● **TASK TO CARRY OUT**: Repeat, please, exactly the lines from the one that has "很多玩家玩了一年,書院、子嗣" through the end of the records below, with pictures dropped.

START DATA SUPPLIED

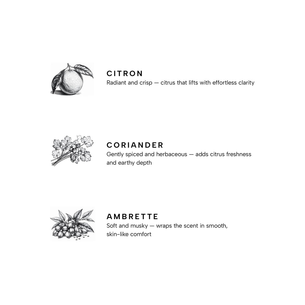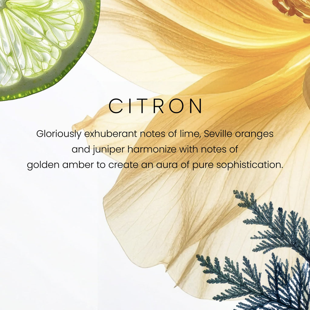 - Citron: Gloriously exuberant notes of lime, Seville orange, and juniper harmonize with notes of golden amber to create an aura of pure sophistication. Citron · Coriander · Ambrette
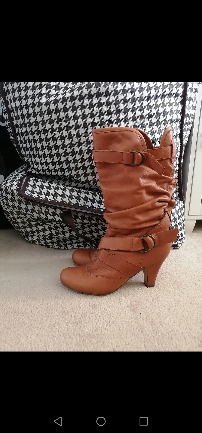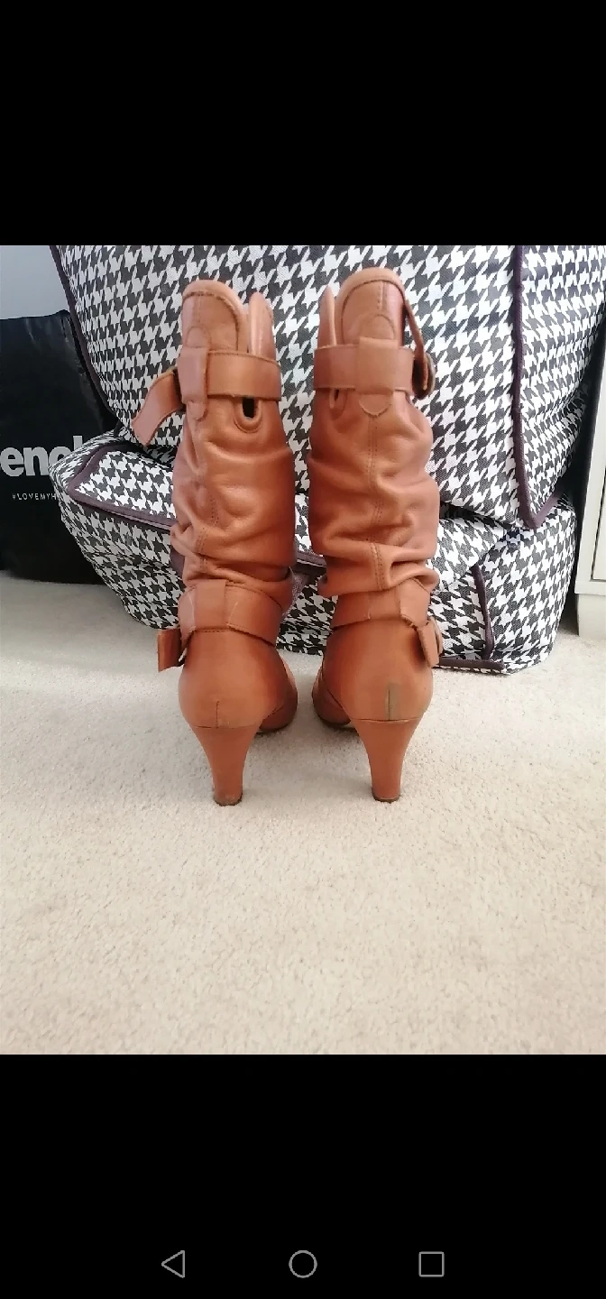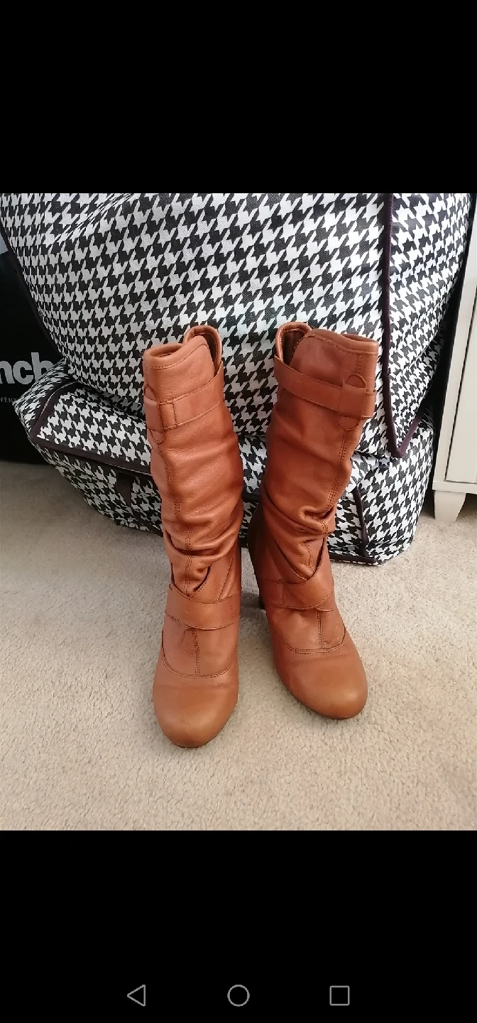 The Steve Madden boots have a leather upper and a man-made balance. These stylish boots are perfect for adding a touch of flair to any outfit! Size 8 but feels like a size 7.5.
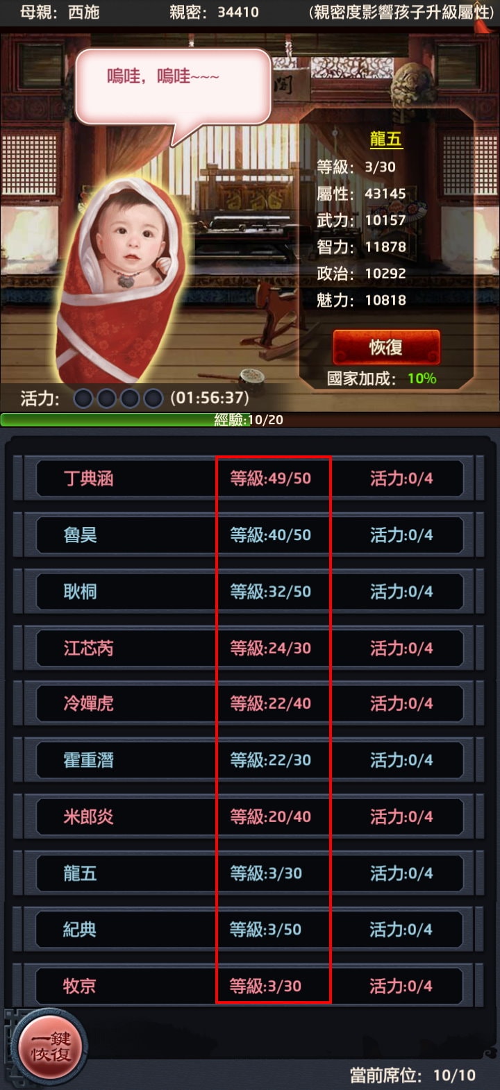 很多玩家玩了一年,書院、子嗣位置都還沒擴充到上限,變成若被幾個低親密的紅顏所生的子嗣佔住子嗣位,能靠子嗣增加的勢力相當少。
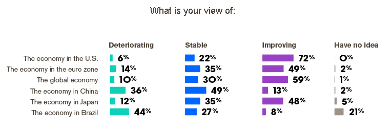 Ankietę przeprowadzono w dniach 16-17 stycznia na grupie 477 inwestorów, analityków i traderów korzystających z profesjonalnych terminali Bloomberga. Przewaga optymistów okazała się miażdżąca. Aż 72% respondentów oczekuje poprawy koniunktury gospodarczej w USA. Perspektywy dla strefy euro pozytywnie oceniło 49%, Japonii 48%, a dla globalnej gospodarki 59%. To najwyższe wyniki w 5-letniej historii tej ankiety. Dwie trzecie respondentów jest bardziej przekonana do swych prognoz niż rok temu.
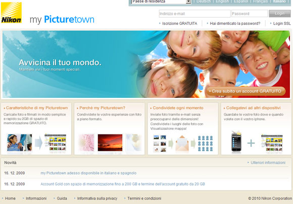 utilizzando “My Picturetown”, il sito web appositamente studiato da Nikon dove
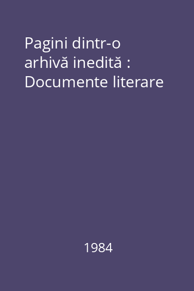 | Titlu | Pagini dintr-o arhivă inedită : Documente literare |
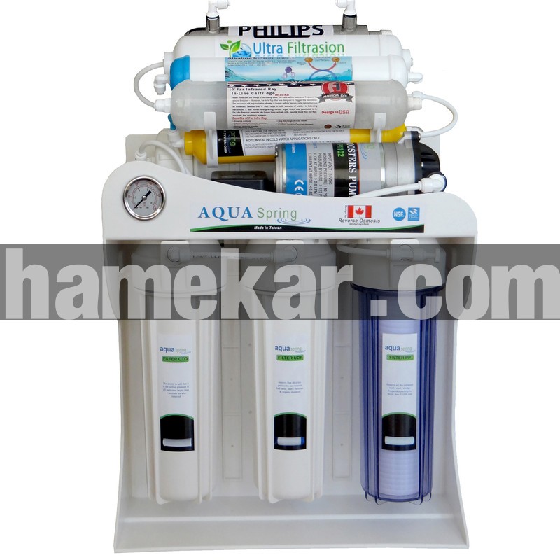 عملکرد فیلترهای این دستگاه در سهمرحله اول بهاینصورت است که کلیه املاح معلق و مضر، کلر، آفتکشها و شوری را از آب گرفته و درمرحله بعد نیترات، نیتریت، جیوه و میکروارگانیسمهای شیمیایی و فلزات سنگین (کلیه املاح سرطان زا) را بهطور کامل از آب میگیرد.

END DATA SUPPLIED

● **SOLVED PROBLEM**:
 很多玩家玩了一年,書院、子嗣位置都還沒擴充到上限,變成若被幾個低親密的紅顏所生的子嗣佔住子嗣位,能靠子嗣增加的勢力相當少。
 Ankietę przeprowadzono w dniach 16-17 stycznia na grupie 477 inwestorów, analityków i traderów korzystających z profesjonalnych terminali Bloomberga. Przewaga optymistów okazała się miażdżąca. Aż 72% respondentów oczekuje poprawy koniunktury gospodarczej w USA. Perspektywy dla strefy euro pozytywnie oceniło 49%, Japonii 48%, a dla globalnej gospodarki 59%. To najwyższe wyniki w 5-letniej historii tej ankiety. Dwie trzecie respondentów jest bardziej przekonana do swych prognoz niż rok temu.
 utilizzando “My Picturetown”, il sito web appositamente studiato da Nikon dove
 | Titlu | Pagini dintr-o arhivă inedită : Documente literare |
 عملکرد فیلترهای این دستگاه در سهمرحله اول بهاینصورت است که کلیه املاح معلق و مضر، کلر، آفتکشها و شوری را از آب گرفته و درمرحله بعد نیترات، نیتریت، جیوه و میکروارگانیسمهای شیمیایی و فلزات سنگین (کلیه املاح سرطان زا) را بهطور کامل از آب میگیرد.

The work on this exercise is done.